HER: Taipei Again

    I saw her again.

    I decided to meet Taipei before I leave, before I go back to my life, before the end of my journey, before it all. It was pretty depressing at first, as I rode through the cat village and it was drizzling and pouring as if the skies are foretelling my end.

    I saw her at the train station, waiting for me as the raindrops dripped to an invisible symphony. The rain has stopped but the city is still soaked with heaven’s tear.

    “Hey! You’re finally back!”, she said.

    “Uh… Hi!”, I forced a smile.

    It’s really tough to be happy when I know every step is bringing me towards the end. We then head on out to several art galleries for the last time. This time it’s just us and the cloudy skies.

    We came back to the Red House where I’ll be bunking over for a week before I go. Taipei decided to spend as many days as possible as we relived the good old times, where we prowl the night market for my favorite cheese potato! And she bought me to prawning this time!

    We also do our usual art space hopping where we check off a few more art spaces on my list, and also we did a few hikes before I go. We’re at the top of Jiantan where I saw her looking into the distance, her eyes sending her soul miles away and I looked out too, towards the beautiful cityscape.

    “Hey… You would be back soon right?”, she asked.

    “Uh, yea… I would love to. I would try to come back soon.”

    “I’ll wait, so… You better!”, she smiled and threw her towel at me.

    “Haha, don’t worry, you’re my family.
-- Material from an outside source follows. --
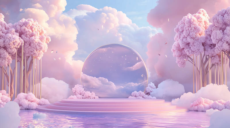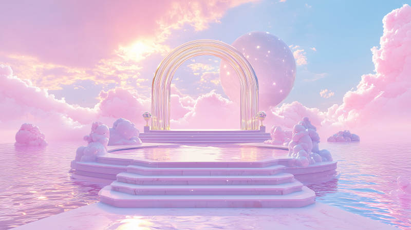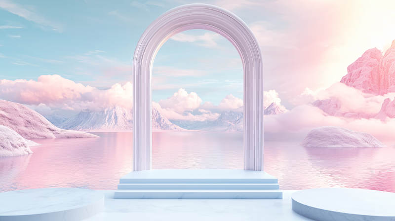 梦幻粉色拱门湖景

And I am going to miss you so much.”

    “Me too…”

    ***

    On the last day, I actually had an amazing hotpot with everyone I met here! Over at the Red House.

    It is really heartwarming and fuzzy when everyone I have stayed together with, tenants, vendors, artists and guests all come together. We shook hands and took photos while I was drifting through the last day like a ghost. I was so overwhelmed with emotions that I don’t know how to feel. It felt so surreal, and I was so used to life with Taipei and now it felt like a part of me would forever be missing.

    And then I know I have to leave.

    3 of them decided to send me off together with Taipei. A fellow Traveler, a Performer, and an Artist. It was the perfect combination as they are the ones I felt closest to. I held them dear in my heart, and we all took the train in comfortable silence. And from there, it was my turn to go. 

    “Hey… Pei”, this time I called her by her pet name.

    “Hey… You…”, she smiled, cupping her right hand over the side of my face.

    My eyes welled up and I blinked my tears away, hoping to not breakdown. Because from here, I’ll leave. I’ll leave the life that I have built over the past 60 days, I’ll leave all the magic back to the place where…

    I cast away the unhappy thoughts and looked at her again, this time my eyes beaming with hope, and I could see my pupils reflected from the black in her eyes as well.

    Maybe her eyes are welling up too, but I didn’t ask.

    “Thank you, so so so so so so much! Because of you, the Red House had so much life, and I haven’t seen it grow with so much life. Please come again, and visit soon. Okay?”, she gestured and nod.

    “And here!, before I forgot”, she took out a small postcard of a fox and a pilot, handing it to me.

    “Awww you! I’ll read it when I’m on the plane before I….”, I slipped it quickly into the pockets of my jacket, knowing that I’ll not bear to leave if I…

    “Ahahha, now go, get back there, grow stronger and we will see you again someday!”, She shouted, waving frantically together with the others this time.

     ***

    I walked and kept turning back, only to find themselves still there. Part of me wanted to run back so much, part of me wanted to throw everything away to get back into their loving arms. But part of me knows it’s time, and there is no better time than now, to go, to learn, so I could eventually live.

    They’re still there until I disappeared into the corner when I peeked out and saw them wave once more before turning away.

    So here’s this one to you Taipei, and everybody I’d met here.

    Thank you for making me feel loved.

    Thank you for allowing me to be who I want to be.

    Thank you for allowing me to discover who I can be.

    For that, I’ll always hold you close... In my heart.